Digicel leaves and we all lose

Tue, May 19th 2015, 12:41 AM

Dear Editor,

Digicel leaves; we lose. What kind of statement is this, you ask?

What does "Digi" leaving have to do with "we", the local consumers, losing? Why shouldn't we be grinning from ear to ear like all of the other interested entities: the unions, the two remaining bidders and some members of the political class?

Let me tell you why:

o The business of telecommunications is BIG, BIG business, generating hundreds of millions of dollars in revenue in a year but also requiring hundreds of millions of dollars to be reinvested into new networks, upgrades and expansion in order to ensure state-of-the-art technologies to deliver superior services.

o Digi was the investor in the bidding process with the deepest pockets and the biggest player operating in 32 markets worldwide. An added advantage is that Digi has no shareholders and would have had greater flexibility to invest extensively in cellular communications with no shareholder pressure of having to produce immediate profits. Hence a larger investment in modern infrastructure was certain.

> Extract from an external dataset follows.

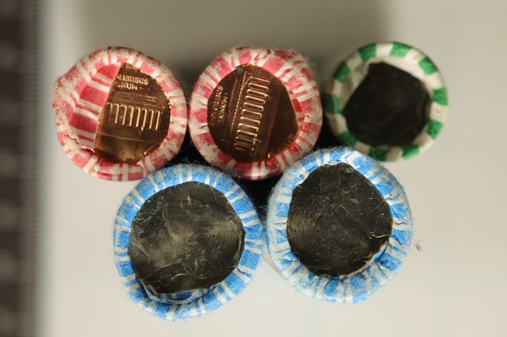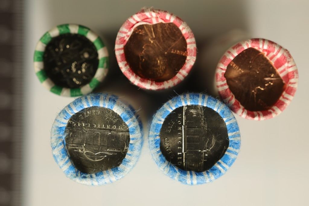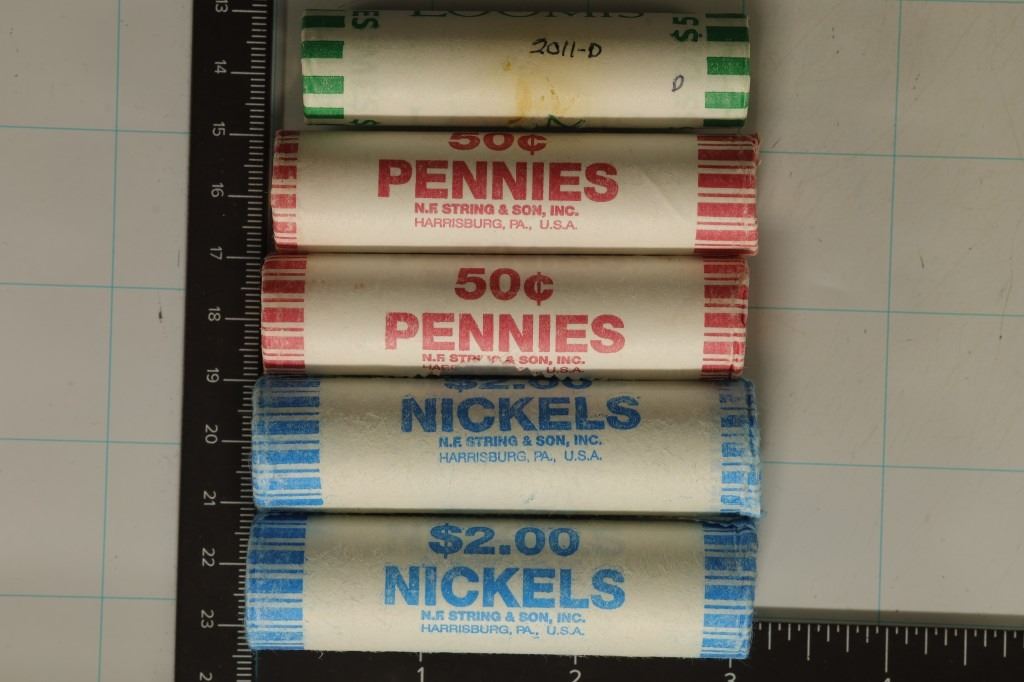 DIMES, 2-ROLLS OF $2 JEFFERSON NICKELS-2003-P & D AND 2-2004 LINCOLN CENTS. IN VARIOUS WRAPS

o Digi has a proven track record in our region for entering previously monopolist markets and running away with the incumbent's customers in record time because of the value proposition Digi provides for consumers.

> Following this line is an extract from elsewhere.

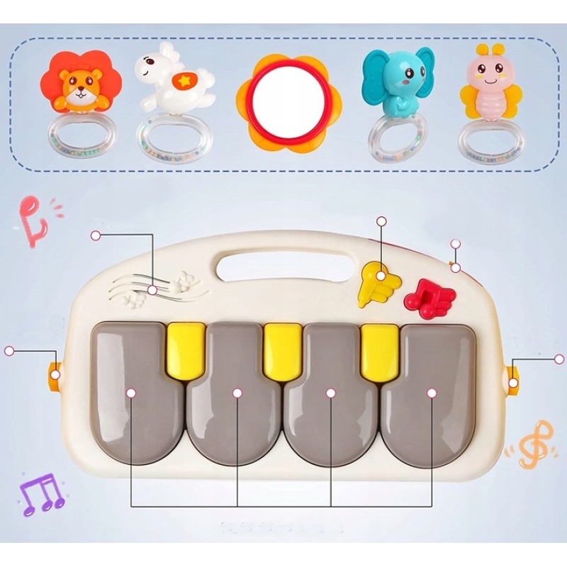 Ali tu nije kraj! Ova igračka također dolazi s prekrasnim i interaktivnim pianom. Pianino ima melodije, pjesme i svjetla koja će pružiti djetetu sate zabave i angažmana. Može se izvaditi iz hodalice i koristiti kao glazbeni instrument za ljuljanje u krevetiću.
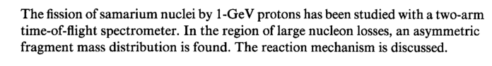 The fission of samarium nuclei by 1-GeV protons has been studied with a two-arm time-of-flight spectrometer. In the region of large nucleon losses, an asymmetric fragment mass distribution is found. The reaction mechanism is discussed.

o Digi as a competitor, forces the incumbent to up its game in network quality and customer services whilst lowering prices across the board - all benefits of a liberalized and highly competitive market where the customer is king.

o Digi has a knack of being able to blend into the country's culture and local population with ease through a grassroots business model that engenders goodwill rather than hostility from the locals.

o Digi's investment in its own infrastructure would have ensured for our country a new state of the art quality mobile network.

o Digi has recently extended its business plan beyond a mobile centric service to wireless broadband and data services, pay TV and IPTV and fixed voice services. Eventual entry into those liberalized markets locally would have provided much-needed additional competition in those markets with concomitant improved quality of network and customer services and lower prices.

Digi's presence in the bidding process for the spectrum auction would have provided the necessary competitive tension and bidding war to force the auction price higher and higher. Spectrum auctions for mobile licenses can conclude in huge sums of money for the Public Treasury. For example, $70 million in the Dominican Republic, $115 million in Jamaica, $270 million in Ukraine and C$2.11 billion in Canada.

Simply put, Digi has a proven track record of success in new mobile markets in the region and would certainly have provided the competition necessary to bring our out of step mobile market into line with the best practice countries around the world. The two remaining bidders appear not to have a track record of any significance by comparison.

Did the Bahamian consumer lose big time when Digi left? The educated and considered answer must be a resounding: You betcha!